Sébastien Lareau
- Country (sports): Canada
- Residence: Canada
- Born: April 27, 1973 (age 53) Montreal, Quebec
- Height: 1.82 m (6 ft 0 in)
- Turned pro: 1991
- Retired: 2001
- Plays: Right-handed
- Prize money: $2,879,682

Singles
- Career record: 99–137
- Career titles: 0
- Highest ranking: No. 76 (April 17, 1995)

Grand Slam singles results
- Australian Open: 3R (1998)
- French Open: 2R (1997)
- Wimbledon: 2R (1993, 1998, 1999, 2000)
- US Open: 2R (1995, 1998, 1999)

Other tournaments
- Olympic Games: 2R (2000)

Doubles
- Career record: 266–142
- Career titles: 16
- Highest ranking: No. 4 (October 11, 1999)
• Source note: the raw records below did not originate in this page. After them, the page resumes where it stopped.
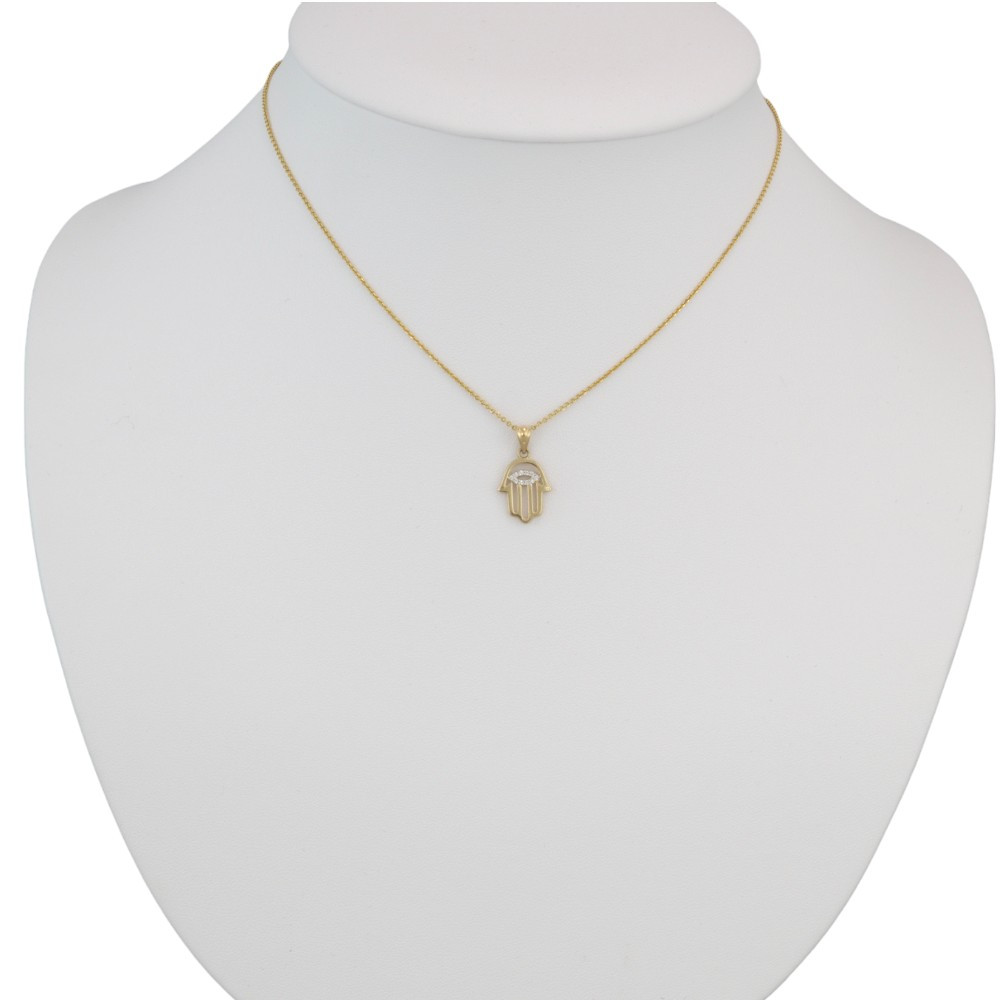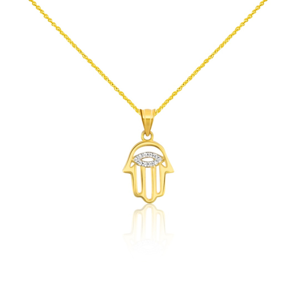 Vyrobený zo 14 karátového zlata, prívesok Ruka Fatimy, zdobený kryštálmi.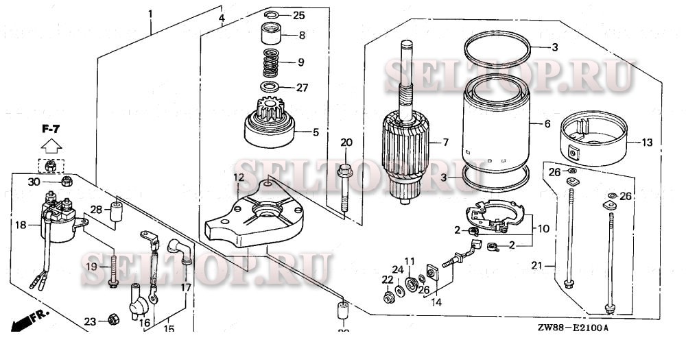 Стартер для Honda BFP9.9D3 XHSA, взрыв-схема: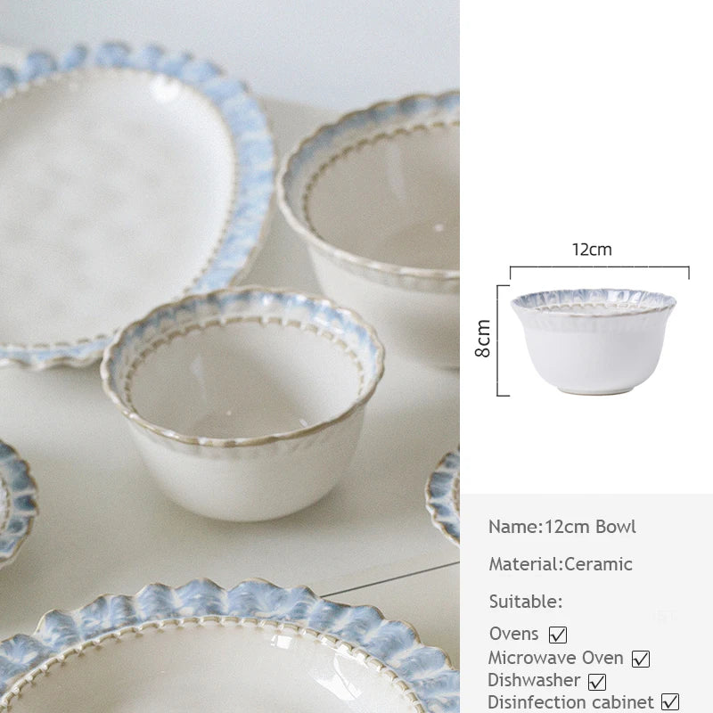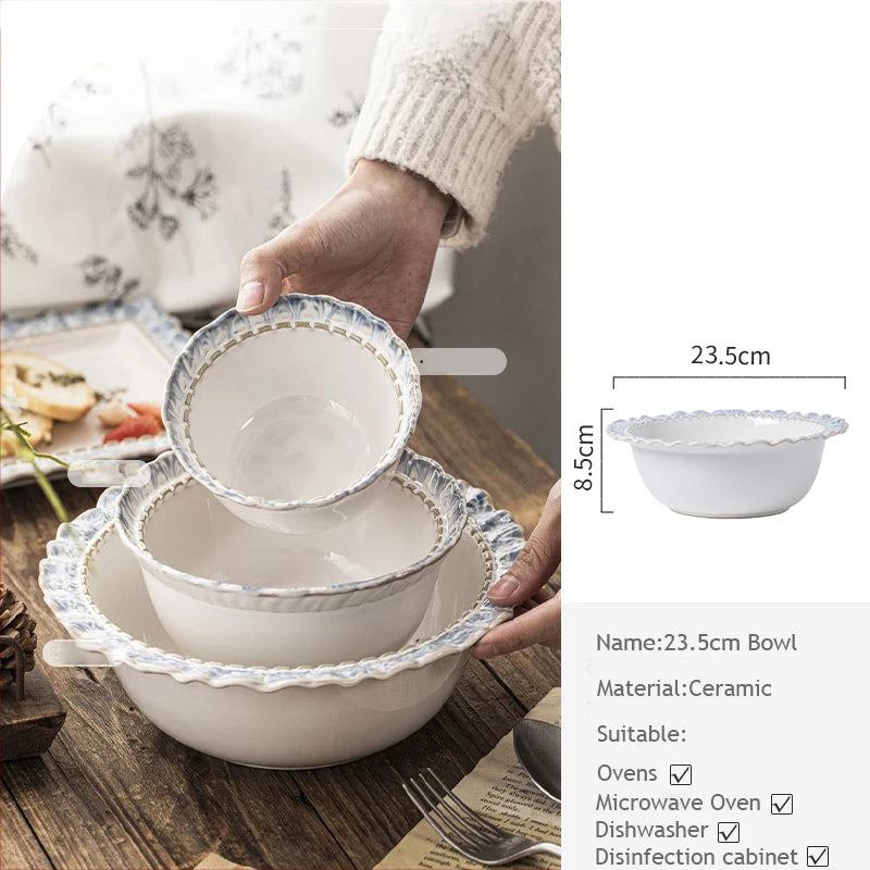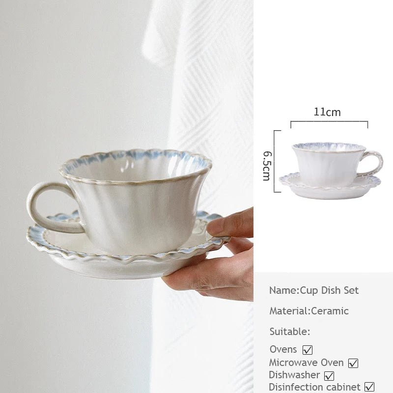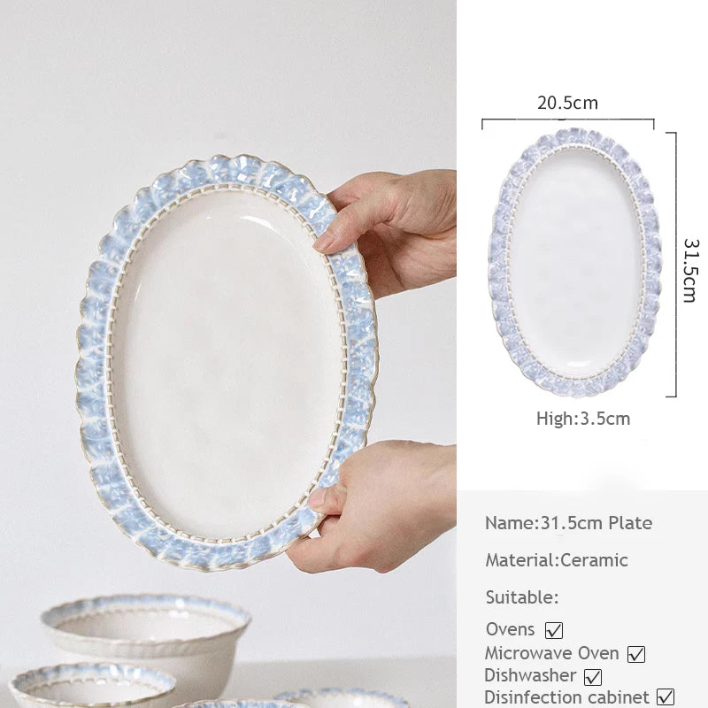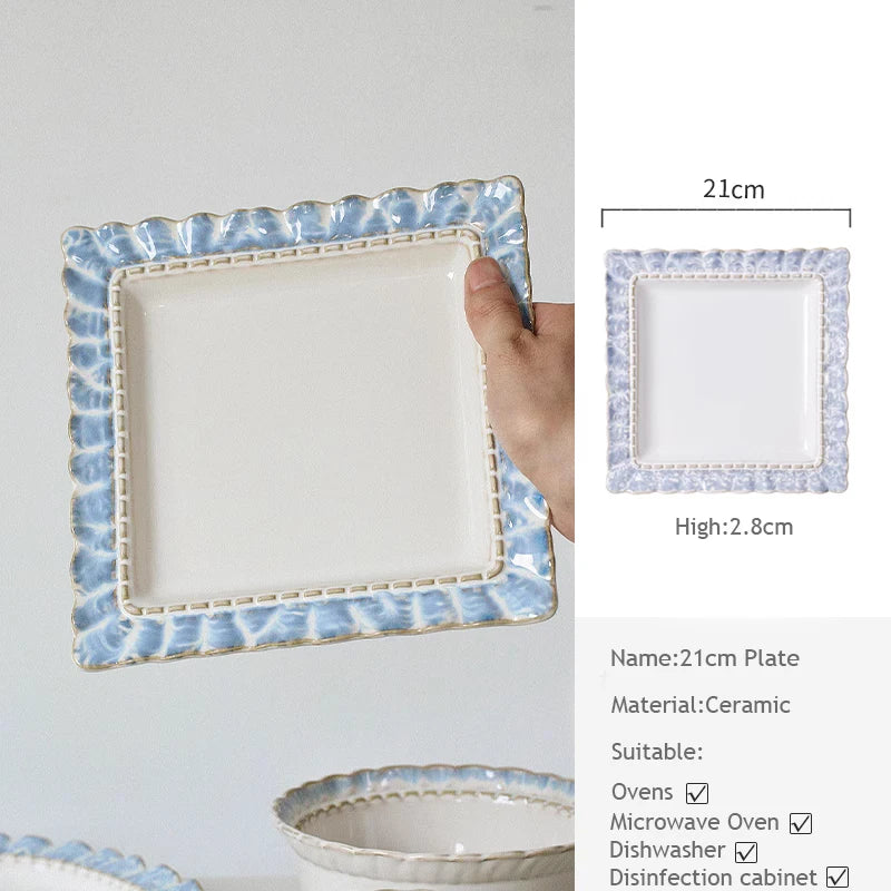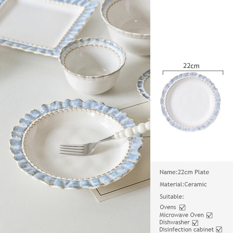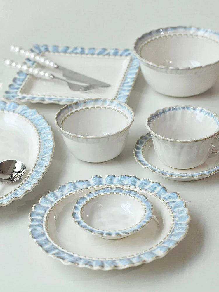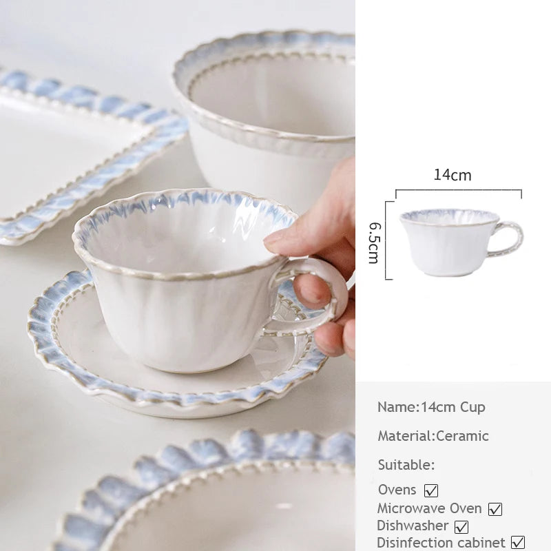 European-Style Court Ceramic Lace Staple Plate, Simple Blue Breakfast Mug, Underglaze Coffee Mug, Home Tableware Set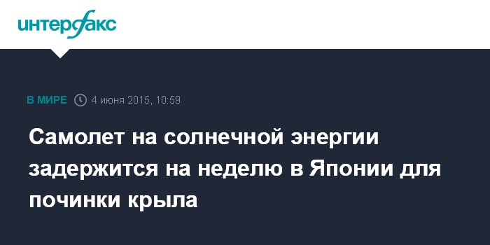Москва. 4 июня. INTERFAX.RU - Самолет на солнечной энергии Solar Impulse 2, совершающий кругосветное путешествие, задержится в японском городе Нагоя по меньшей мере на неделю для ремонта крыла, сообщил пилот Андре Боршберг.
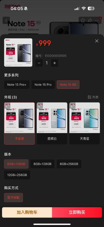 本文刊登時 REDMI Note 15 已開放預售,其提供子夜黑、星輝白及天青藍色款,擁有 6+128、8+128、8+256 跟 12+256 四種儲存配置,售價 999 人民幣起。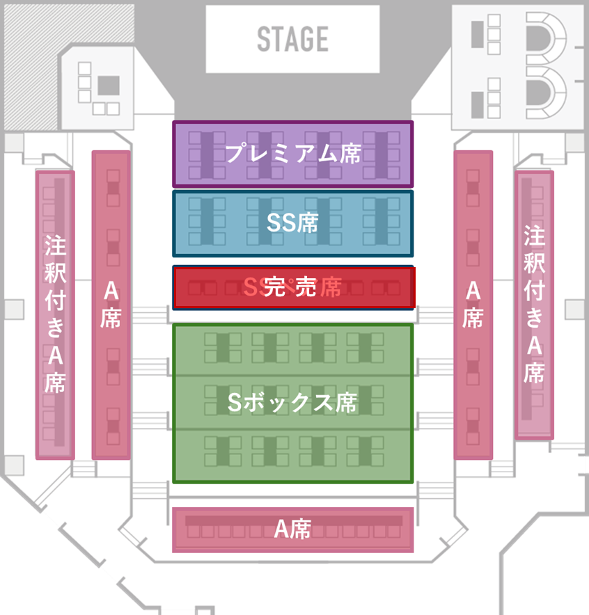 ・「S BOX席」を2枚でご購入の方、および「A席」を1枚でご購入の方は、他のお客様との相席でのご案内となります。

Grand Slam doubles results
- Australian Open: F (1996, 1997)
- French Open: QF (2000)
- Wimbledon: SF (1998)
- US Open: W (1999)

Other doubles tournaments
- Tour Finals: W (1999)
- Olympic Games: W (2000)

= Sébastien Lareau =

Canadian tennis player (born 1973)

Sébastien Lareau (/fr/; born April 27, 1973) is a former professional tennis player. He became the first Canadian to win a Grand Slam title by winning the 1999 US Open men's doubles with his American partner Alex O'Brien. He also won his nation's first Olympic tennis medal by claiming gold in men's doubles at the 2000 Sydney Games with Daniel Nestor.

==As a singles player==

The right-handed Lareau achieved a career best singles ranking of world No. 76 in April 1995. He has a career ATP Tour event win–loss record of 99–137. Lareau's best singles tour results were:

- in 1995, the quarterfinals of the Philadelphia and St. Petersburg World Series events;
- in 1996, the fourth round of the Key Biscayne Super 9 event;
- in 1997, the quarterfinals of the Hong Kong World Series event;
- in 1998, the third round of the Australian Open; the semifinals of the Philadelphia, the quarterfinals of the Scottsdale, the semifinals of the Hong Kong, the quarterfinals of the Washington and Moscow World Series events;
- in 1999, the quarterfinals of the Tokyo Outdoor World Series event; and
- in 2001, the semifinals of the Memphis International Series Gold event.

==As a doubles player==
Lareau reached a career-high doubles ranking of world No. 4 in October 1999. He won 16 doubles titles on the ATP Tour. Lareau won one major title, the 1999 US Open, and the season-ending 1999 ATP Doubles Championships, both partnering Alex O'Brien. The pair were also finalists at the 1996 Australian Open and 1997 Australian Open.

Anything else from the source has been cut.